"Where's your traäde to?" asked the mother.

"Jim's bringin' it down. I believe he's out in the kitchen now. I'll go and see."

As she went from the room Mrs. Rosevear sank into the nearest chair. "I'm glad you'm back, S'bina. I bin so whisht without 'ee. Not a soul to speak to besides Tom and you can't tell a man very much."

"No, they don't understand." Her thoughts wandered for a moment. Leadville had been strange in his manner but of course it was only that he did not understand.

"Now you've seen Jim," continued Mrs. Rosevear, "what do you think of him?"

Sabina roused herself. "I call 'ee a proper chap," she said smilingly. "Lovely curly 'air he 'as."

"Yes," confided the mother, "and Gray's as maäze as a rattle about 'im."

Mrs. Tom's confidences made Sabina feel as if she had a share in the other's happy motherhood. They sat gossiping until the shadows began to fill the valley. Jim was a long time on his way with Gray's box—but to every man and woman their hour!

Leadville, on leaving the house, had turned his face towards the cliff. Beyond its dark wall was space and light. He took the little path that led over the head, passed the deep curves of what in prehistoric times had been the earthworks of a stockaded hold and came out upon a broad shelf of rock. The tide was in, large green waves were rolling, with a break like gunfire, into the caves below, and, facing him, was one of the strange sunsets often seen on that coast. The western sky was scarlet and across the light was a trail of black clouds.
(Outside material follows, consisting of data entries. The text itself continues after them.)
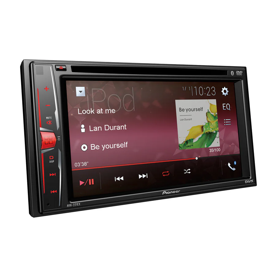 The Pioneer AVH‑221EX/B is a double‑DIN multimedia DVD receiver featuring a 6.2″ WVGA (800×480) clear‑resistive touchscreen, designed for both entertainment and connectivity. It offers built‑in Bluetooth® for hands‑free calls and music streaming, direct iPod/iPhone compatibility via USB, DVD/CD playback, and a rear‑view camera input for safe reversing. Audio‑upgrade friendly, it includes six‑channel 4‑volt pre‑outs for external amplifiers/subwoofers, a 13‑band graphic equaliser, high/low‑pass filters and time‑alignment for enhanced system tuning.
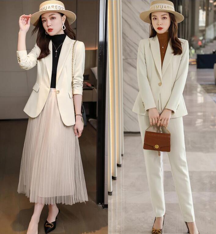 品質良い 4color 2点セット レディース 上着 レディーススーツ S~5XL 1つボタン スリムスーツ 細身スーツ 大きいサイズ リクルートスーツ パイピング加工 スキニーパンツ 上下セット
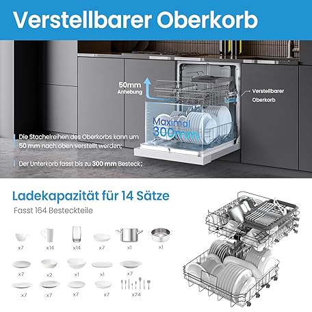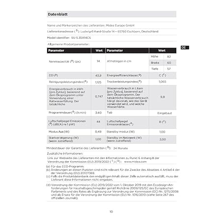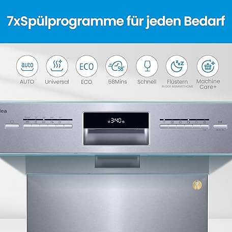 Thông tin sản phẩm Midea SU 5.35X14CS Geschirrspüler Unterbau, 14 MGD, Spülmaschine 60 cm, Home Connect, Hygienepflege+, Maschinenpflege+, Extra Trocknung, Halbe Beladung, 44 db, Startverzögerung, Edelstahl
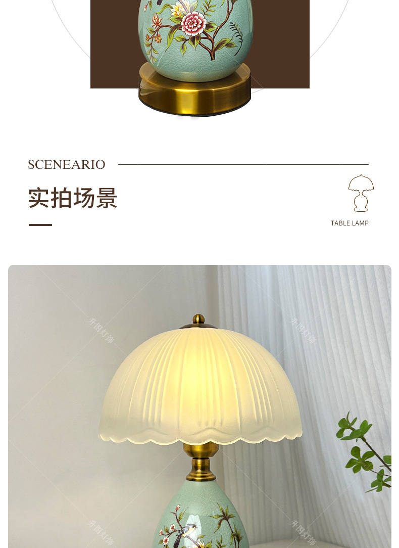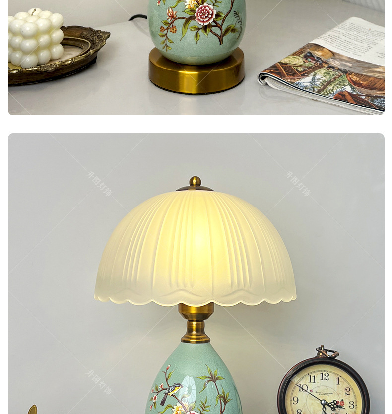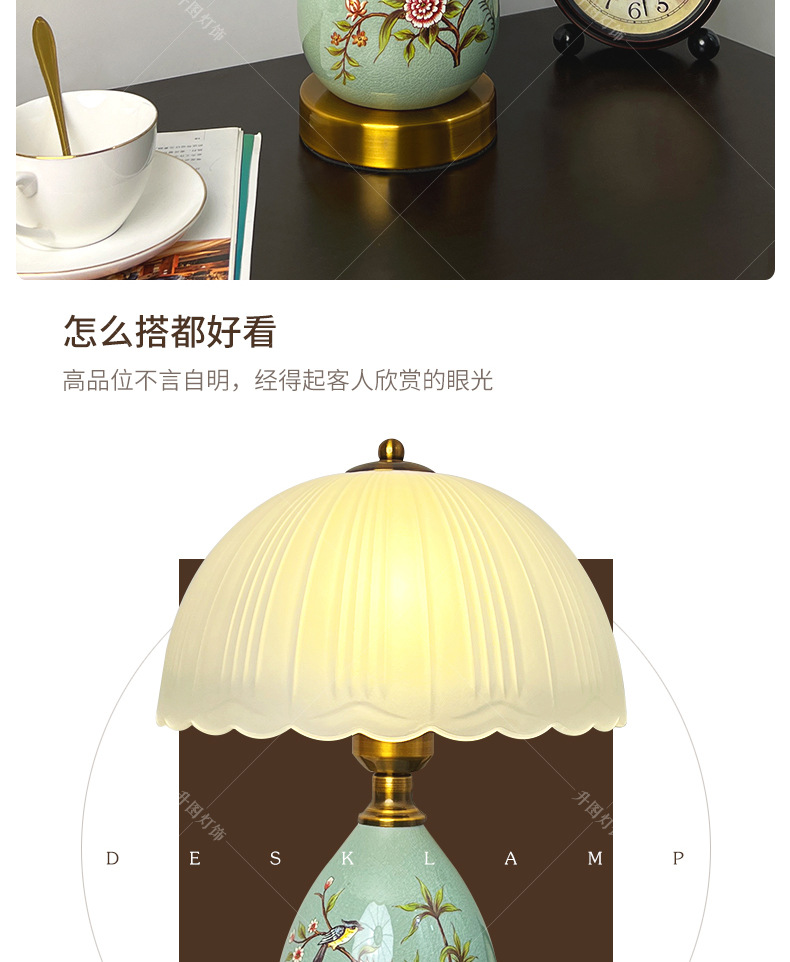 빈티지 테이블 램프 침실 침실 램프 고급 감각 창조적 인 홈 새로운 중국 스타일 거실 연구 장식 세라믹 작은 테이블 램프스토어 가기
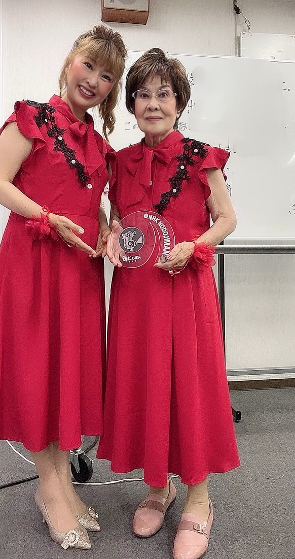 真っ赤な衣装は安子先生の手作りです。
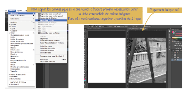 Para poder copiar un canal de un archivo a otro necesitamos tener los dos archivos visibles para poder arrastrar (literalmente) el canal. ¿Y cómo ponemos las dos imágenes para poder verlas a la vez? Pues muuuuy sencillo, vamos al menú ventana, organizar y seleccionamos vertical de 2 hojas y ¡tachán!
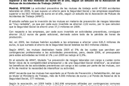 La actividad preventiva de las mutuas de trabajo evitó 47.000 accidentes laborales en 2009, lo que supuso un ahorro para la Seguridad Social y las empresas españolas superior a los 663 millones de euros en el año, según un estudio de la Asociación de Mutuas de Accidentes de Trabajo (AMAT).

"A red sky at night, is the shepherd's delight," muttered the man, flinging himself down above the booming uproar of the water. Below, the shags were nesting on inaccessible ledges and a solitary seal was diving through the crests of the green rollers. Byron felt unusually, inexplicably cheerful. The glories of the sunset were in keeping with his mood, a mood, as he realized, of the incoming tide. On his shelf of rock he lay in a happy dream. Hitherto he had loved nothing but a few acres of land; he had hungered after fields and rocks, had dragged out a dark existence of craving and disappointment. Now his tormented spirit was at peace. The wide expanse of heaven changed from scarlet to poppy-red, the raven clouds grew more numerous and Leadville looked on with happy eyes. In his breast was a ferment, like the unresting ferment of the sea, but neither cold nor lifeless. A wind was blowing steadily from the west, but he did not feel it for he was warm. His spirit, with its capacity for intense feeling, had crossed a boundary line, beyond which was neither heat nor cold, hunger nor thirst. He had loved Wastralls, now he was in the power of a force stronger than that love, of a force the strongest in the world.